Caminar en una vida nueva. Al terminar estas jornada romanas, pidamos a la Virgen, Madre nuestra, que nos ayude a tomarnos en serio este propósito. Hay unas palabras de san Juan Pablo II que muchas de vosotras podéis aplicaros de modo especial, porque pertenecéis a la millennial generation, a la generación de este milenio. Decía el Santo Padre, preparando la entrada en el año 2000: «Un milenio se abre ante la Iglesia como un océano inmenso en el cual hay que aventurarse, contando con la ayuda de Cristo. El Hijo de Dios, que se encarnó hace dos mil años por amor al hombre, realiza también hoy su obra. Hemos de aguzar la vista para verle y, sobre todo, tener un corazón grande para convertirnos nosotros mismos en instrumentos suyos» (Novo millennio ineunte, n. 58).

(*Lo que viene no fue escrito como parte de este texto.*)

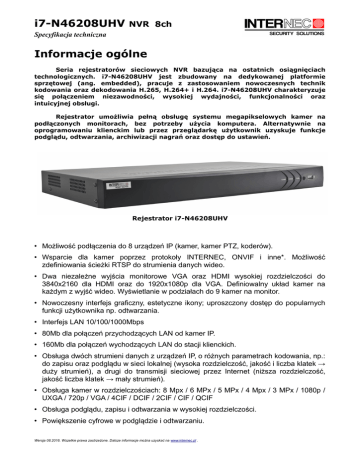 i7-N46208UHV NVR 8ch Specyfikacja techniczna Informacje ogólne Seria rejestratorów sieciowych NVR bazująca na ostatnich osiągnięciach technologicznych. i7-N46208UHV jest zbudowany na dedykowanej platformie sprzętowej (ang. embedded), pracuje z zastosowaniem nowoczesnych technik kodowania oraz dekodowania H.265, H.264+ i H.264. i7-N46208UHV charakteryzuje się połączeniem niezawodności, wysokiej wydajności, funkcjonalności oraz intuicyjnej obsługi. Rejestrator umożliwia pełną obsługę systemu megapikselowych kamer na podłączonych monitorach, bez potrzeby użycia komputera. Alternatywnie na oprogramowaniu klienckim lub przez przeglądarkę użytkownik uzyskuje funkcje podglądu, odtwarzania, archiwizacji nagrań oraz dostęp do ustawień. Rejestrator i7-N46208UHV • Możliwość podłączenia do 8 urządzeń IP (kamer, kamer PTZ, koderów). • Wsparcie dla kamer poprzez protokoły INTERNEC, ONVIF i inne*. Możliwość zdefiniowania ścieżki RTSP do strumienia danych wideo. • Dwa niezależne wyjścia monitorowe VGA oraz HDMI wysokiej rozdzielczości do 3840x2160 dla HDMI oraz do 1920x1080p dla VGA. Definiowalny układ kamer na każdym z wyjść wideo. Wyświetlanie w podziałach do 9 kamer na monitor. • Nowoczesny interfejs graficzny, estetyczne ikony; uproszczony dostęp do popularnych funkcji użytkownika np. odtwarzania. • Interfejs LAN 10/100/1000Mbps • 80Mb dla połączeń przychodzących LAN od kamer IP. • 160Mb dla połączeń wychodzących LAN do stacji klienckich. • Obsługa dwóch strumieni danych z urządzeń IP, o różnych parametrach kodowania, np.: do zapisu oraz podglądu w sieci lokalnej (wysoka rozdzielczość, jakość i liczba klatek → duży strumień), a drugi do transmisji sieciowej przez Internet (niższa rozdzielczość, jakość liczba klatek → mały strumień). • Obsługa kamer w rozdzielczościach: 8 Mpx / 6 MPx / 5 MPx / 4 Mpx / 3 MPx / 1080p / UXGA / 720p / VGA / 4CIF / DCIF / 2CIF / CIF / QCIF • Obsługa podglądu, zapisu i odtwarzania w wysokiej rozdzielczości. • Powiększenie cyfrowe w podglądzie i odtwarzaniu. Wersja 08.2016. Wszelkie prawa zastrzeżone. Dalsze informacje można uzyskać na www.internec.pl . i7-N46208UHV NVR 8ch Specyfikacja techniczna • Inteligentne wyszukiwanie nagrań (tzw. postdetekcja)** w trybach odtwarzania lokalnym oraz zdalnym przez program i7-VMS. • Odtwarzanie – różne tryby: szybki dostęp do ostatnich minut nagrania pozostawiając tryb na żywo dla pozostałych kanałów. Przejście bezpośrednio z podglądu do odtwarzania wybranego kanału. Zaawansowane wyszukiwanie według czasu, zdarzeń, zdarzeń inteligentnych**, znaczników oraz tryb odtwarzania podokresów. • Odtwarzanie - funkcje: jedno i wielokamerowe, w przód, wstecz, zwolnione, przyspieszone - duża prędkość przeglądania nagrań (aż do x128). Dodawanie własnych znaczników na nagraniu tzw. tagów ułatwia późniejszy powrót do nagrania. Szybki backup nagrań na USB z poziomu odtwarzania. • Wsparcie dla myszy w sterowaniu PTZ, w tym tryb 3D** - zaznaczając fragment obrazu kamera PTZ wykonuje zbliżenie optyczne fragmentu. • Tryb nagrywania ciągły bądź aktywowany zdarzeniem, określony harmonogramem, oddzielnie definiowalny dla każdego kanału. • Obsługiwane zdarzenia z urządzeń IP **: detekcja ruchu, alarmy inteligentne, alarmy z wejść alarmowych. • Parametry: rozdzielczość, ilość klatek, przepływność bitowa oraz jakość obrazu oddzielnie definiowalne dla każdej kamery • Definiowanie oddzielnych parametrów dla zapisu ciągłego oraz alarmowego **. • 4 wejścia alarmowe / 1 wyjście alarmowe. Możliwość powiązania wejść alarmowych z szeregiem reakcji np. wywołanie zapisu z dowolnej kamery, pozycjonowanie kamery PTZ itp. Wyjścia alarmowe mogą informować o błędach i alarmach systemowych np. uszkodzenie dysku, utrata obrazu z kamery, itp. • Konto administratora z pełnym dostępem. Możliwość tworzenia kont użytkowników o oddzielnie definiowalnych uprawnieniach dla pracy lokalnej oraz do dostępu zdalnego. Definiowanie uprawnień na poziomie kanału. • Obudowa wolnostojąca, miejsce na 2 dyski SATA. • Możliwość zamontowania do 2 HDD. • Obsługa S.M.A.R.T., standby i pre-alokacji dla HDD, obsługa dysków SATA o pojemności do 6TB każdy. Możliwość określenia przydziału dysku dla poszczególnych kamer, ustalenia limitów pojemności dla zapisu danego kanału. • Szeroki zakres diagnostyki z poziomu menu, informacje o zajętości sieci dla połączeń przychodzących oraz wychodzących, funkcja SMART dla każdego dysku. • Własny serwer DDNS ułatwia konfigurację połączenia zdalnego w lokalizacjach o zmiennym IP (np. przez Neostradę itp.) • Protokoły TCP/IP: IPv6, PPPoE, DHCP, DNS, DDNS, NTP, SADP, SMTP, SNMP, UpnP™, P2P. • Możliwość obsługi rejestratorów przez sieć TCP/IP, w pakiecie zaawansowane oprogramowanie typu CMS: i7-VMS PL bez limitu stanowisk. • Możliwość obsługi rejestratorów przez sieć TCP/IP przez przeglądarki: Firefox, IE, Opera i inne, oprogramowanie na urządzenia mobilne i7-MVS PL. *Inne obsługiwane protokoły/producentów prosimy konsultować z działem technicznym. Wersja 08.2016. Wszelkie prawa zastrzeżone. Dalsze informacje można uzyskać na www.internec.pl . i7-N46208UHV NVR 8ch Specyfikacja techniczna ** Funkcje dostępne dla urządzeń IP podłączonych po protokole INTERNEC Informacje podstawowe Do 8 urządzeń sieciowych IP (kamer, koderów). Możliwość podłączenia kamer IP, kamer PTZ IP, koderów wideo IP. Obsługiwane protokoły: INTERNEC, ONVIF, RTSP i inne*. Możliwość zapisu strumienia wideo, lub wideo + audio, definiowalna oddzielnie dla każdego kanału. • Każdy kanał obsługuje dwu-strumieniowość. • Niezależna konfiguracja dla każdego kanału, w tym rozdzielczość, liczba klatek na sekundę, przepływność bitowa, jakość obrazu. • Definiowalne ustawienia parametr

Cuando hayan transcurrido muchos años, y las generaciones futuras piensen en el tiempo que ahora vivimos, podrán contarnos entre los discípulos fieles de Jesucristo, si de verdad nos tomamos en serio nuestra vocación cristiana. ¡Qué aventura tan estupenda! Tenemos a nuestro alcance los medios para ir adelante en nuestros propósitos: la oración, el recurso al sacramento de la Penitencia, a la Eucaristía. Cristo vive: no sólo se hace presente sobre el altar durante la Misa, sino que nos espera en el Sagrario y nos alcanza con su amor omnipotente en toda circunstancia. Acudamos al Sagrario -físicamente si podemos, con el corazón muchas veces- para darle gracias y pedirle que nos aumente la fe, la esperanza, la caridad. Vayamos de la mano de Santa María, Madre de Dios y Madre nuestra, porque como escribe san Josemaría en Camino (n. 495): «A Jesús siempre se va y se "vuelve" por María». Así sea.

Romana, n. 64, Enero-Junio 2017, p. 128-131.